Like cloud-born Centaurs, from the mountain's height
With rapid course descending to the fight;
They rush along; the rattling woods give way;
The branches bend before their sweepy sway.
Nor was Praeneste's founder wanting there,
Whom fame reports the son of Mulciber:
Found in the fire, and foster'd in the plains,
A shepherd and a king at once he reigns,
And leads to Turnus' aid his country swains.

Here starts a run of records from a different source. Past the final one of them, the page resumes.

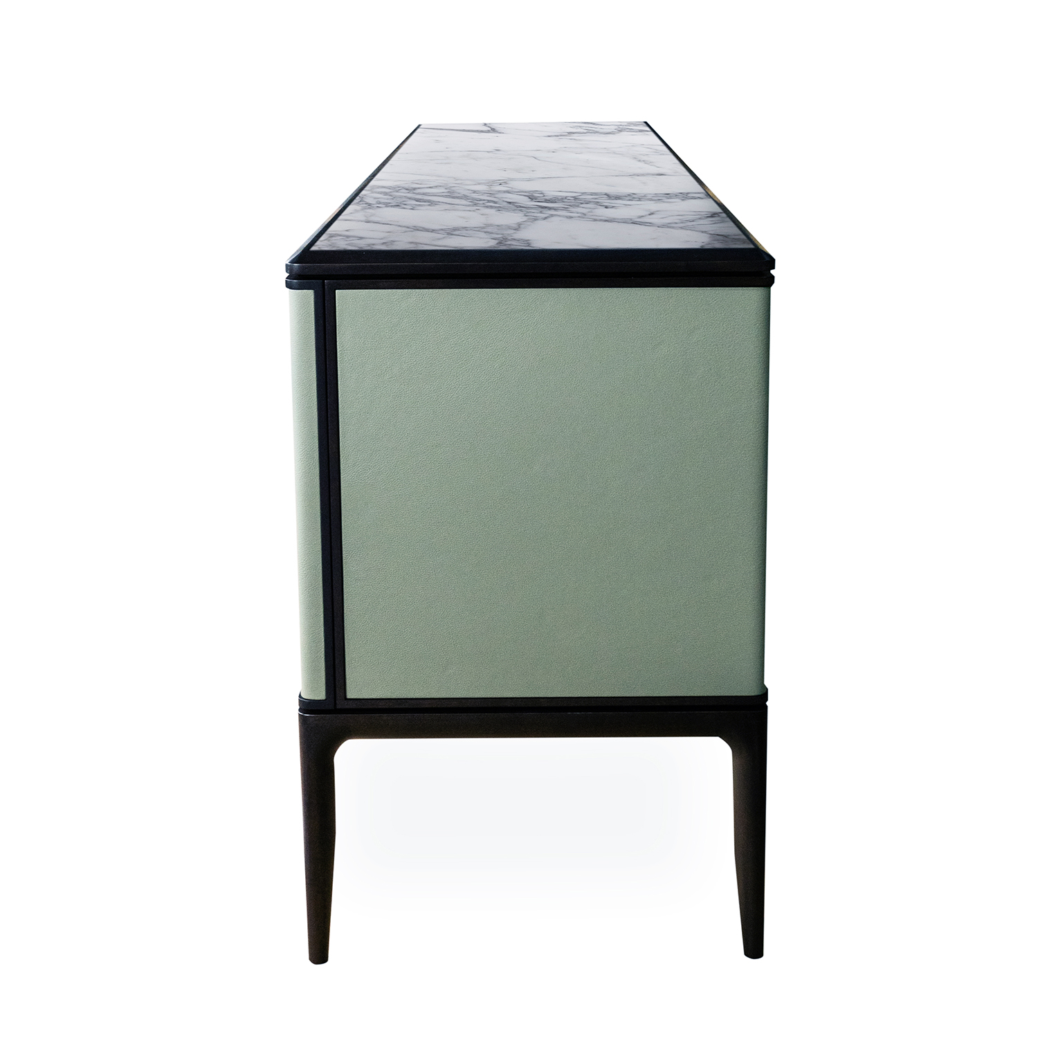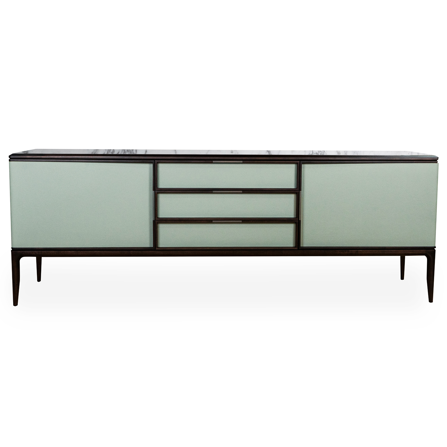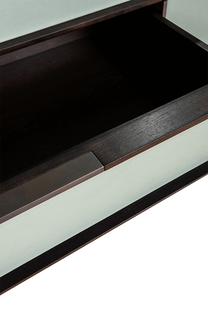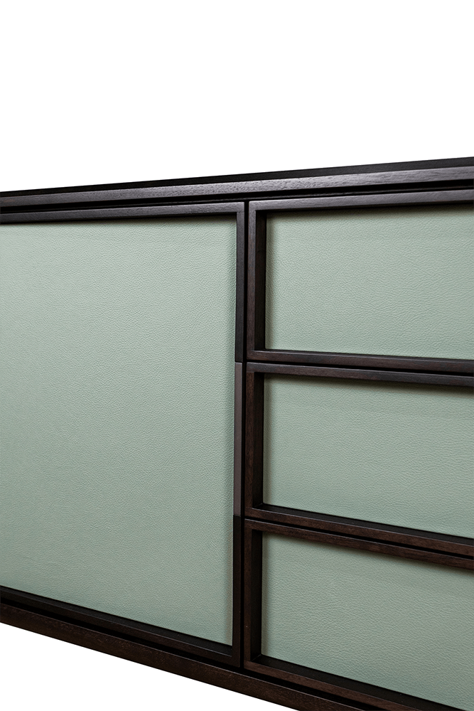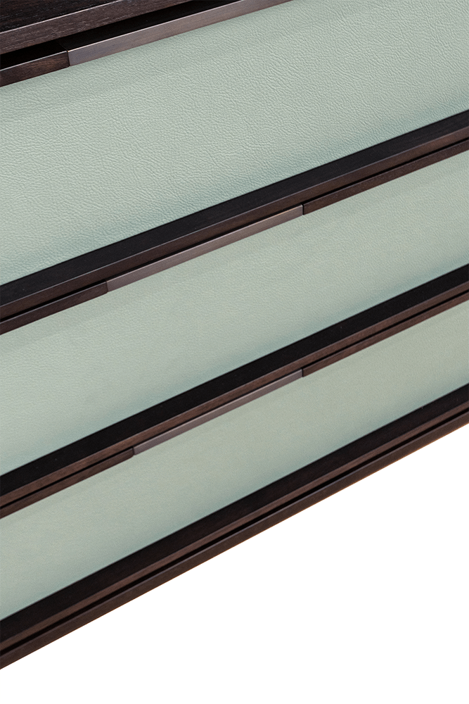 Комод Ceccotti OBLIQUE 55915+55844 дерево-AMERICAN WALNUT BROWN, кожа-SC180 CELADON, мрамор-CERVAIOLE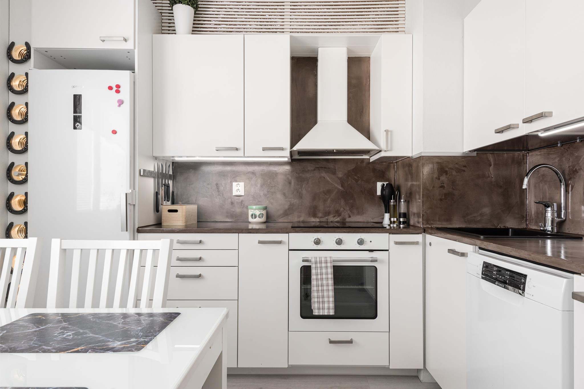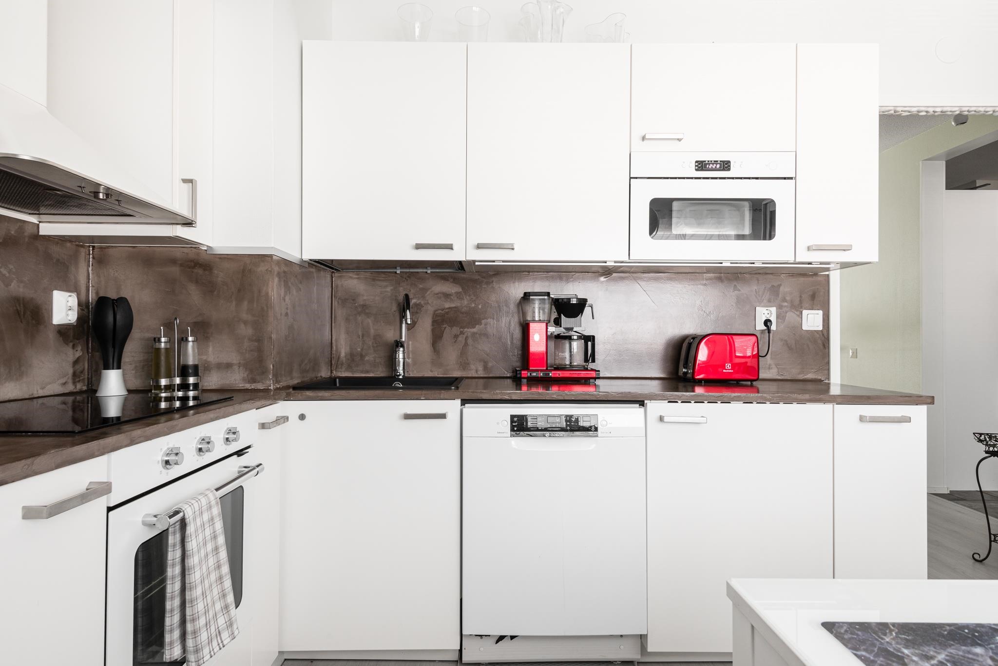 - Jääkaappi, erillisuuni, induktioliesi, liesituuletin, mikroaaltouuni, astianpesukone, kaapistot kaapin ovet maalattu 202, kiinteät valaisimet.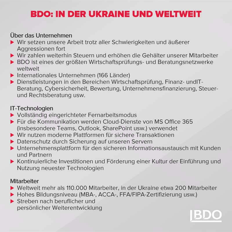 Die Arbeit bei BDO in der Ukraine wird trotz aller Schwierigkeiten und äußerer Aggressionen fortgesetzt. Wir zahlen weiterhin Steuern, zahlen die Gehälter pünktlich und leisten unseren Mitarbeitern zusätzliche materielle Unterstützung. Während des Kriegsrechts in der Ukraine unterstützt BDO als Arbeitgeber seine Kollegen und deren Familien bei der Suche nach einer Unterkunft im Westen der Ukraine und in Europa. Darüber hinaus bieten wir Mitarbeitern, die in Kyjw und Dnipro bleiben, moralische und materielle Unterstützung an.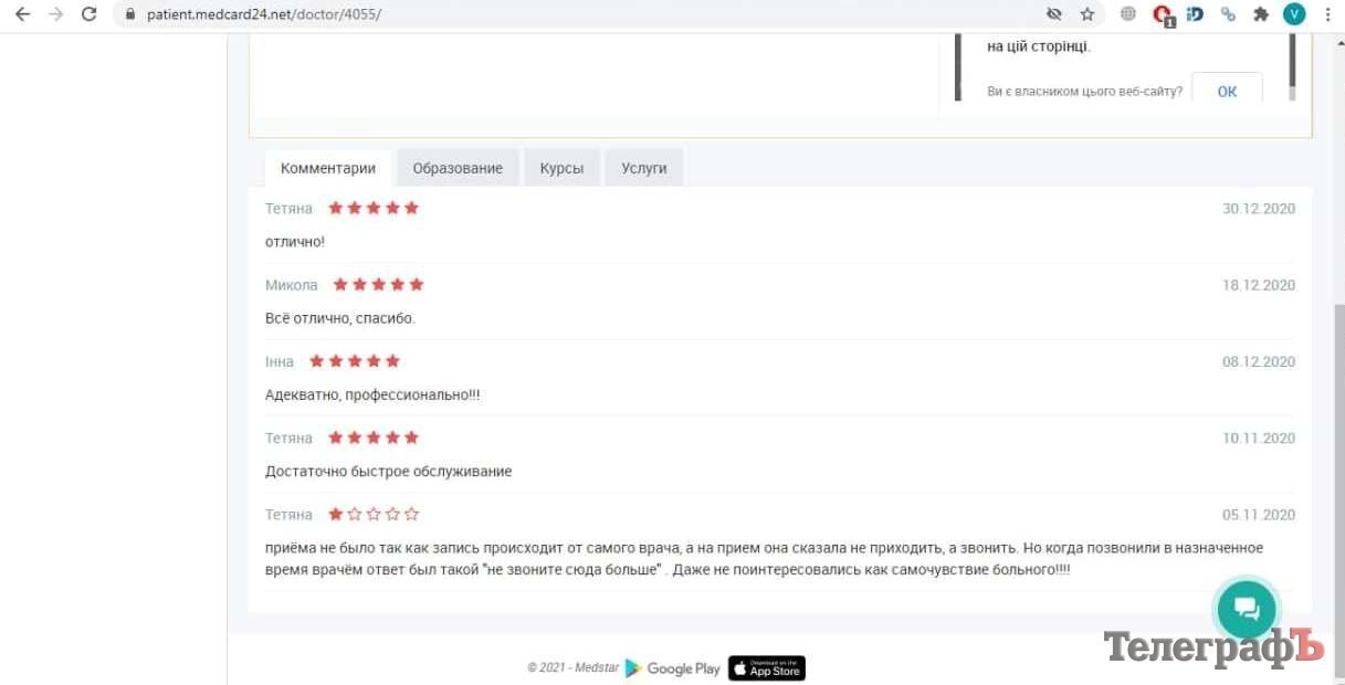 - Действует рейтинговая система: пациенты выставляют оценки медикам после посещения. Редко, но встречаются комментарии пациентов, оставленные после посещения врача.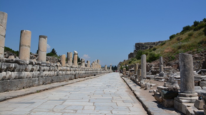Dobri dve uri vožnje po lepih in prostranih cestah obdanih z ogromnimi nasadi oljk sta naju pripeljali do najlepšega in najbolj ohranjenega rimskega mesta v Anatoliji. Rimski Efez se razprostira med dvema gričema, ostanke celotnega Efeza pa najdemo na precej širšem področju. Zgodovina mesta sega v začetek 1. tistočletja pr. n. š., leta 130 pr. n. š. pa je postal prva prestolnica rimske province Azije. Po nekajurnem ogledu sva pot nadaljevala ob obali, kjer so večji in manjši turistični hoteli. Najin izbor je bil majhno mestece Güzelcamli, ki slovi po lepi plaži in kičastih sončnih zahodih.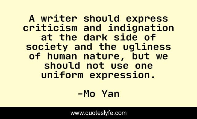 This page presents the quote "A writer should express criticism and indignation at the dark side of society and the ugliness of human nature, but we should not use one uniform expression.". Author of this quote is Mo Yan. This quote is about dark, human nature, nature,.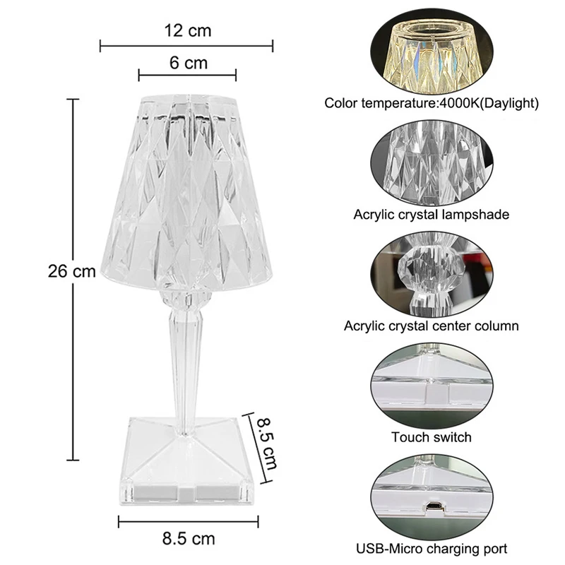 Перезаряжаемый ночник, Хрустальная декоративная настольная лампа с ...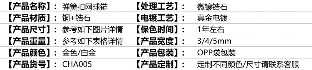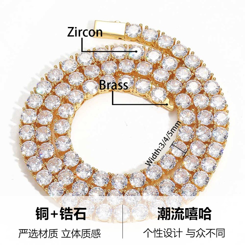 欧美跨境热卖配饰弹簧扣网球链锆石项链嘻哈饰品满钻男士项链批发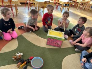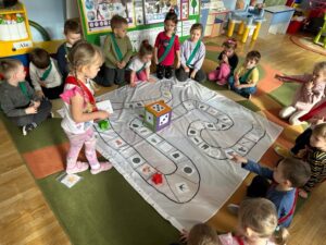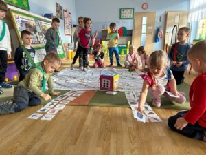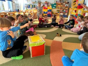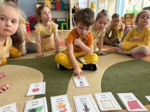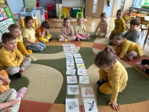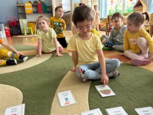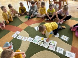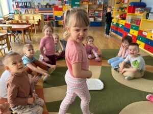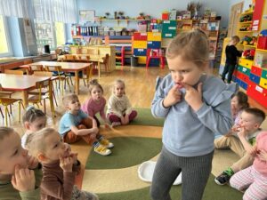 W marcu „Pszczółki” kontynuowały realizację projektu pt. „Alfabet logopedyczny”. Tym razem dzieci usprawniały aparat mowy podaczas zabaw N- Naśladuj mnie, P-Planszówka. Rozwijały wrażliwość słuchową w zabawie O-Odkryj obrazek. Kształtowały słuch fonemowy w zabawie R-Różnicowanie.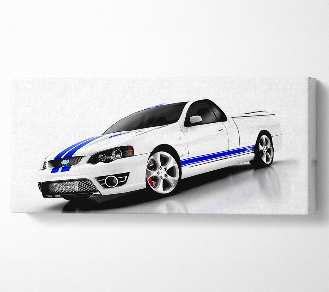 Falcon Cobra Ute canvas, printed on coated polyester canvas. Mounted on to a 44mm box frame, ready to hang.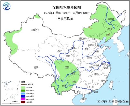 26日08時(shí)至27日08時(shí),新疆北部和西南部局部、內(nèi)蒙古中東部、東北大部、川西高原北部等地有小到中雪(雨)或雨夾雪;四川大部、云南、重慶西部、貴州大部等地有小雨或陣雨。內(nèi)蒙古中東部、東北、華北北部等地有4~5級風(fēng)。。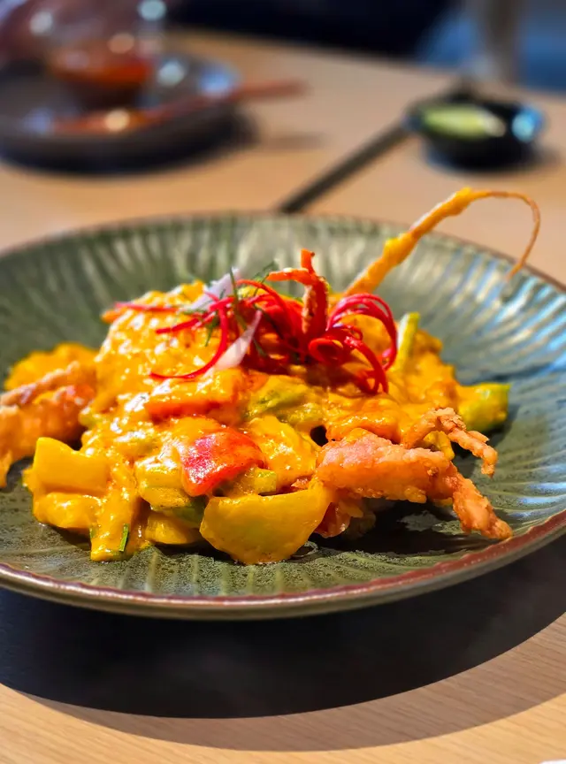 另一道期待的泰式咖喱軟殼龍蝦 HK$388(潑水節菜式),因為已好一段時間沒吃軟殼龍蝦了,一碟包含四隻軟殼龍蝦剛剛好!首先咖喱口味溫和不辣,入口啖啖微脆軟殼、嫩彈龍蝦肉,配合混上雞蛋綿稠的咖喱汁,相信小朋友也會喜歡上!
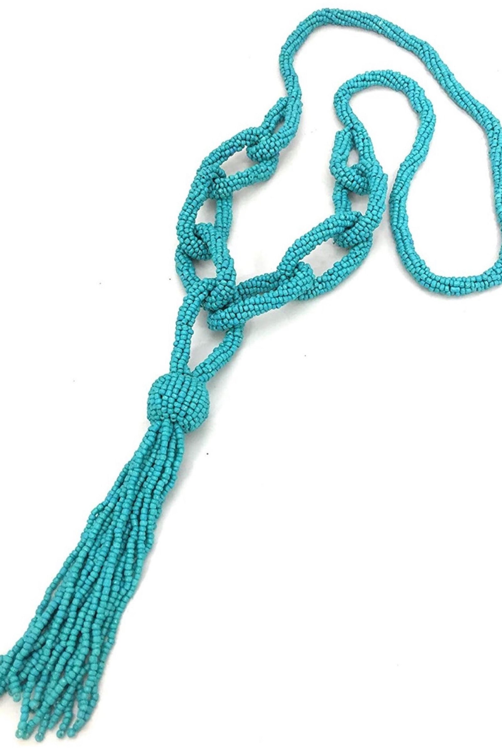 This stunning necklace is a celebration of meticulous artisanal skill. It features dozens of delicate strands, each hand-strung with premium seed beads that emulate the organic beauty of genuine turquoise. The resulting “waterfall” drape offers a rich, layered texture that provides immediate visual depth to any outfit. As a cornerstone of boho jewellery, it embodies a free-spirited aesthetic while maintaining a polished finish that aligns with high-end fashion trends.
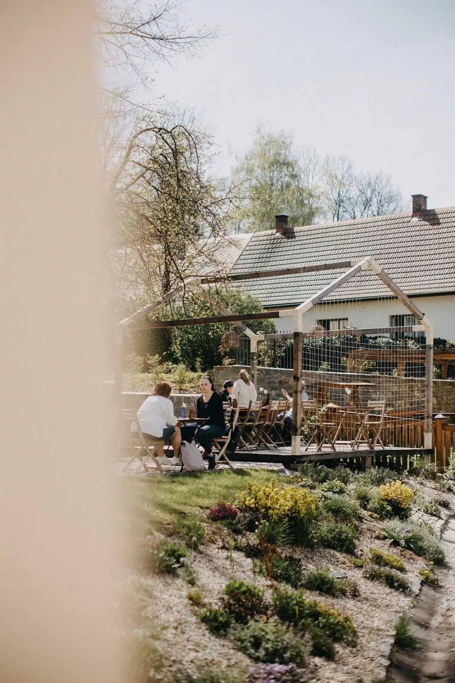 Za farou je i zahrada. Není nějak extrémně velká, ale tam je to největší rozšíření naší kavárny: více než 30 míst k sezení. V létě je to úžasné místo, plné květin, ticha, zpěvu místních ptáků a taky kávy.
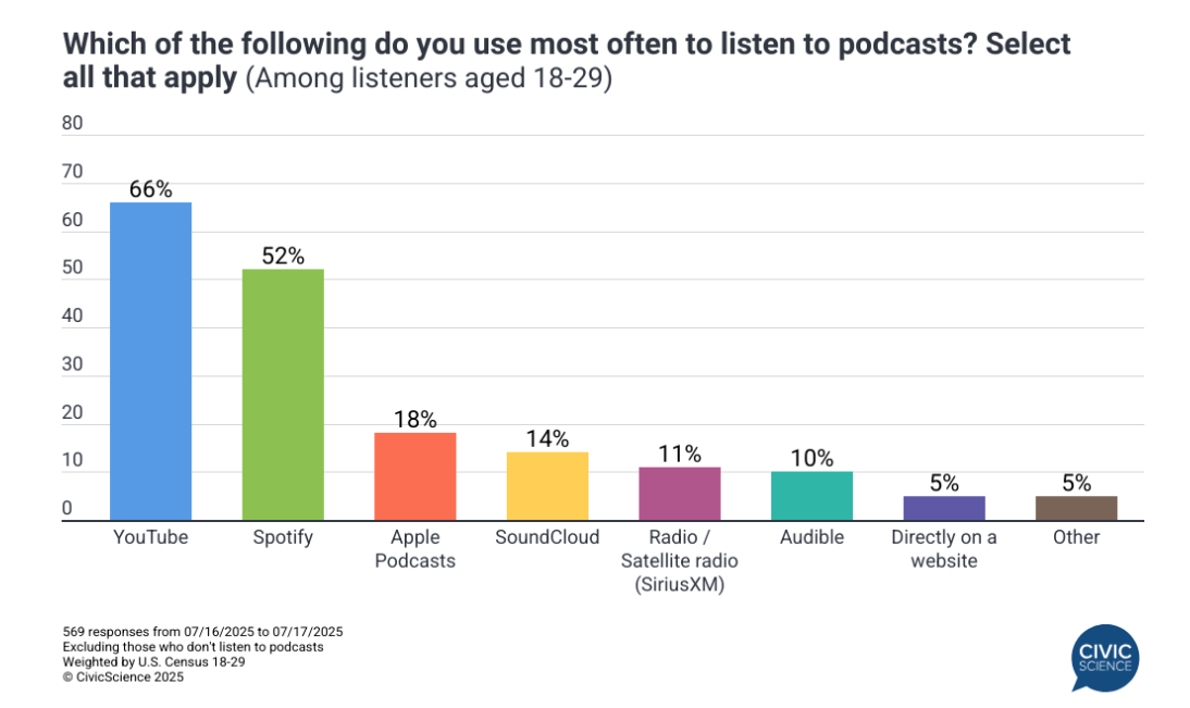 - YouTube and Spotify are the frontrunners when it comes to where Gen Z listens to their podcasts. (Civic Science, 2025)

This is an unremarkable passage, except that Turnus is Aeneas' rival, and the men described are the ones who will do battle against Troy. One is reminded again of the Iliad, where the vanquished Hector is perhaps the noblest of all the characters. Bravery, a sense of duty: these are central components of nobility -- of the notion of "the good" -- in Greek and Roman ethics. If the very willingness to fight is one of the chief criteria for goodness, then the two opposing sides in a battle must almost by definition both be "good." (Sidebar: in this scheme -- which I've cribbed mostly from Nietzsche -- "good" is contrasted with "bad," i.e. cowardly or weak; in the later, Judeo-Christian scheme, "good" takes on characteristics almost indistinguishable from the Greco-Roman "bad," which has been displaced by the notion of "evil.") It is for this reason that one can celebrate one's enemies. For this same reason, one can use the poetic mode of the Greeks to celebrate the Trojans they vanquished.
So what? Here's what: with the view of life as a battle between fundamentally good opponents who are duty-bound to conflicting ends comes the tragic view that good must sometimes be defeated; with the view of life as a battle between good and evil opponents comes the necessity of demonizing the opposition, and also the belief that good is fated to win. With this last can also come an overambitious desire to spread one's goodness. In the Aeneid, and in its Homeric predecessors, battle is entered into with extreme reluctance. It is only in a world where the inevitable outcome of battle is the vanquishing of evil that one goes looking for a fight.
I'll stop here, in part because I've never been a fan of arguments for the contemporary "relevance" of classical literature. The greatest of these works are great because of what they tell us about humanity in general, not because of anything they might tell us about our current misadventures. But the Aeneid invites one to indulge in these anachronistic readings, because it is an act of anachronistic interpretation itself.
--CRB, April 7, 2007
POSTSCRIPT: I had considered naming the Aeneid my second "Ted-Should-Read-This" Pick. But the truth is I much prefer Robert Fitzgerald's translation to the Dryden translation featured here. So Ted will have to wait.